Dip the pH meter in the urine until a stable reading appears.

Test 4: Urine Conductivity (salt level
Requirement: A digital conductivity meter in micro- or mili-Siemens, a bottle of urine.
Put the conductivity meter in the urine and wait for the reading to stabilize. Then divide the mili-Siemens reading by 0.7 or the micro-Siemens reading by 700 to get the salt reading in C units.

Test 5: Cell Debris
Requirement: A bottle of urine
This is a test which is not used in the mathematical expressions as it isn't objective. Just look through the urine and see if you can find particles. The amount of debris determines the reading. Note that the transparency can completely disappear in the urine when the cell debris level is very high. The urine then looks like orange juice..

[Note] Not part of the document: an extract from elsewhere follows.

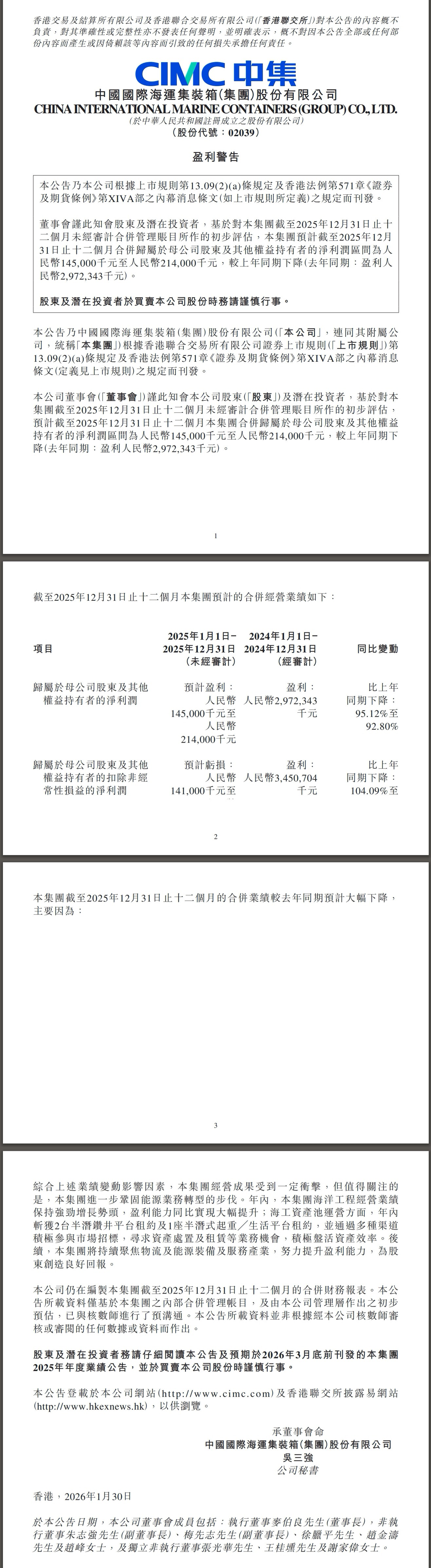 中集集团(000039)1月30日晚间披露2025年度业绩预告,预计2025年归母净利润1.45亿元至2.14亿元,同比下降92.8%-95.12%;扣非净利润亏损7200万元至1.41亿元,上年同期盈利34.51亿元;基本每股收益0.011元/股-0.024元/股。

Preperation for test 6: Preparing the urine mixture
The next two tests are more difficult. Also potentially dangerous because of the use of high-concentration sulfuric acid.
Requirement: Extraction fluid, 1 drop of urine
Take 1 drop of urine and 6 drops of extraction fluid and mix thoroughly.


From left to right: A bottle with the extraction fluid, the nitrate test solution and the ammonia test solution

Test 6: Nitrate Nitrogen
Requirement: urine mixture, nitrate nitrogen reagentia (sulfuric acid)
Take 1 drop of the urine mixture above, and add 4 drops of sulfuric acid (special technique, the 4 drops must come from 4 different sides). Then wait 5 minutes for the color to develop. The shade of blue and the shapes are then compared to a reference chart, which results in the nitrate nitrogen figure.

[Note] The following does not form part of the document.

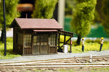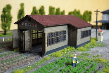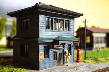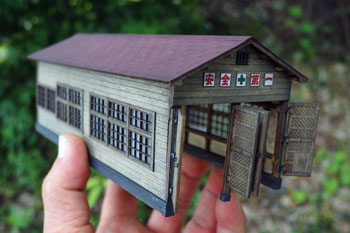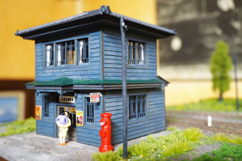 ![]() ![]() 精神的にも重荷だったポプラの木もようやく完成して、峠を越えた心境。 あとはストラクチャーをいくつか作ってやれば、目の前に「完成」のふた文字が見えてきます(^^♪。 機関庫は前にも書いたように、ウチの「杉沢の2線機関庫」を小加工して使いますので気が楽です。 土台を嵩上げしてホジ3が入るようにしたものの、この高い土台は霜の立つ北国らしさが逆に演出できて、怪我の功名にもなりました(^O^)。 ![]() 保線小屋も郵便局もクラシックストーリー社製の製品ですが、この郵便局は今は在庫がなくなってしまったみたいで、今回のように「いつの日か」を夢見て買っておいて良かったです(^_-)。 ![]() 同社の製品は作っていて部品がビシバシ合うので、無駄な手間を要することもなく、夕食後から始めて寝るまでには出来上がってしまいました(^_-)-☆。 それも木工ボンドで組み立てたのではなく、ゼリー状瞬間接着剤で組み立てた効用なのでしょう。 向かって右側の差し掛け部分には、付属のモーターカーが置けるようになっていましたが、今回は雑物置き場や洗い場として活用し、積んだ木箱・脚立・洗濯機&流しなどを置いてみました(^^♪。 ![]() こちらは五関郵便局という製品名で、実在するものを模型化したそうですが、飾り窓の雰囲気や入口の小屋根の感じが気に入って買っておいたものです。 唯一鉄道関係の建物ではないので、色気を出したくて、ライトブルーに仕上げてみました^\^)。 ![]() 御覧のようにエコーモデル製人形や小物などを配置してみたのですが、接触限界標識は自作してみました。 沼尻のそれは雪国らしく背が高かったのですが、意外や意外、同じ雪国でも頸城の場合はさほど高くないようで、写真を見ながら1mm角の桧材から作りました。 とはいえ、先端部を4辺斜めに切り落とし、白く塗って、細いサインペンで黒線を入れるだけの簡単な作業です(^^ゞ。 でも、こういった小物があるお蔭で細密感が出てきますから侮ってはいけません(^_-)-☆。 ![]() ということで完成した「頸城鉄道 新黒田駅」。あとはホジ3の入庫を待つばかりです\(^O^)/。 ![]() |

The colour development after 2 minutes


And after 5 minutes:

This corresponds with a nitrate ammonia reading of 7

Test 7: Ammonia Nitrogen
Requirement: urine mixture, ammonia nitrogen reagentia
Take 1 drop of the urine mixture above, and add 4 drops of the ammonia nitrogen reagentia (special technique, the 4 drops must come from 4 different sides). Then wait 15-45 seconds for the color to develop. The shade of yellow/brown/orange and the shapes are then compared to a reference chart, which results in the ammonia nitrogen figure.


Example: The yellow, as it appeared after about 30 seconds, as shown in this picture, corresponds with number 6 on the reference chart. The ammonia nitrogen number is thus 6.

That's it.. I hope you get the idea of how the RBTI testing is done.. In the beginning, the testing is a bit difficult and it takes some time.. But after some tests, you get the hang of it and it goes faster and faster.
The cleaning in the end takes the most time..

I bought these instruments (except the ExStik) from www.phasesoftware.com . It's the basic kit at www.phasesoftware.com/kits.php . I really appreciate their high service level..

I bought the Exstik from www.same-day.com/miva/merchant.mv?Screen=PROD&Store_Code=S&Product_Code=pH100&Category_Code=MM but there are several other companies where these can be bought..





Please note: The information on this website is not a recommendation for treatment. Anyone reading it should consult his/her physician before considering treatment. The author and publisher can't be held responsible for anything. Use on your own risk.